Pilgrimage to Where?
Somewhere along the way Christians seem to have decided that the goal of a consecrated life was to escape this world. What's that about? Didn't God create this world and us as a part of it?
As I've started to grow in a missional way of seeing things, I've gone back to re-evaluate some of the familiar metaphor that has shaped my life to this point. One in particular is the metaphor of pilgrimage.
My fore-parents sang the song "I'm on My Way to Canaan Land." The song admonishes that even "if my mother don't go I'll [need to] journey on." They also told me that "this world is not my home." It is with these presuppositions that I set out with John Bunyan's Christian, leaving behind the City of Destruction, which I interpreted to be "this world and all it has to offer me," in search of the Celestial City, which I assumed would be Heaven. With a theology such as this, no wonder escape-the-world, ignore-the-world or exploit-the-world's-resources seems consistent with the save-the-world calling most Christians also claim.
Nowadays I don't interpret things quite the same way, but instead of dismissing my former conceptions as total bunk (which seems to me even more ridiculous) I've chosen rather to reframe my understanding of this pilgrim metaphor that has been handed down to me. What if "Canaan Land"—our metaphoric Promised Land (as pledged by God to the Jews)—is not heaven but the earth made new? It's not such a novel idea; the biblical canon ends with this thought. Taking it a step further, what if the journey from this world to the next that Moses and Mohammad and the Buddha and Confucius and (in my estimation most fully) Jesus embodied is not an abandonment of the world as it is but an embrace of all she was created to become?
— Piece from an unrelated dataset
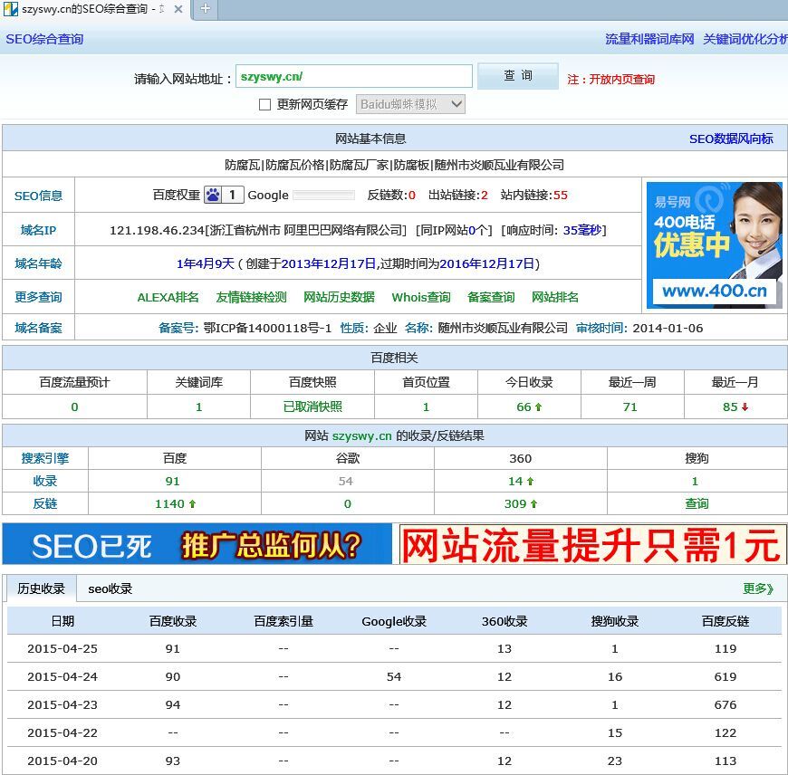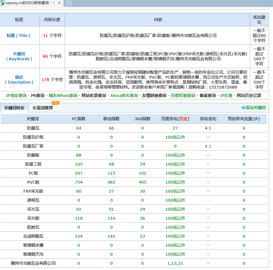 小編在這隨州市炎順瓦業(yè)有限公司防腐瓦企業(yè)從事網(wǎng)絡(luò)運(yùn)營已經(jīng)超過一個月了,從開始什么都不懂,到現(xiàn)在什么都懂了。今天一早,我用站長工具查詢http://szyswy.cn網(wǎng)站關(guān)鍵詞防腐瓦廠家的排名,驚奇的發(fā)現(xiàn),哇!防腐瓦廠家關(guān)鍵詞排名竟然提升到第九位了,防腐瓦關(guān)鍵詞排名26名了。這一個多月,小編每天更新網(wǎng)站的內(nèi)容不斷發(fā)帖子,小編的不懈努力之下,排名終于有了起色。從之前的100名以外上升到第9名,萬萬沒想到百度權(quán)重從0升到1,這讓小編感到只有付出努力才能有收獲。其實,小編覺得,網(wǎng)站不是每天更新的內(nèi)容越多,網(wǎng)站排名就越好的。網(wǎng)站排名怎么樣才能靠前,首先,更新的內(nèi)容要高質(zhì)量,能吸引訪客來閱讀,最好是原創(chuàng)真實有意義的文章,多發(fā)帖子,每天更新東西要新穎,看百度收不收錄,收錄多的話排名就越容易靠前。對于網(wǎng)絡(luò)運(yùn)營,小編不是很懂,但是小編知道,每天用心寫東西,不用百度推廣照樣靠前排名,一樣能讓企業(yè)網(wǎng)站搜索關(guān)鍵詞靠前,網(wǎng)站優(yōu)化是個漫長工作,想要弄清楚摸透,必須鉆研學(xué)習(xí)SEO,所以,從最基本的優(yōu)化網(wǎng)站開始,一點一滴積累經(jīng)驗是很關(guān)鍵的。作為網(wǎng)絡(luò)專員,看見企業(yè)的網(wǎng)站排名靠前,還是很欣慰的,每天優(yōu)化網(wǎng)站讓小編覺得是件有意義的事情,而不是單單的因為是工作而去做。本網(wǎng)站文章為隨州市炎順瓦業(yè)有限公司版權(quán)所有,未經(jīng)同意,不得轉(zhuǎn)載,否則追究其法律責(zé)任的哦!隨州市炎順瓦業(yè)有限公司專業(yè)生frp采光瓦,FRP防腐瓦,frp阻燃瓦,frp平板,PVC防腐瓦,PC瓦,玻璃鋼水槽等等屋面建材,歡迎新老客戶前來選購。

Our pilgrimage then would be in our hopefully ever-expanding ability to perceive and understand and embrace and appreciate this new world... and to help bring it into existence.
I don't know about you, but I find such thoughts wonderfully liberating and pregnant with possibility. It also makes me wonder whether my previously more narrow and flattened interpretations of the truths hand down to me hasn't been a diminution of my forebears wisdom: my own self-serving ideas of what was meant and not actually what was being communicated to me.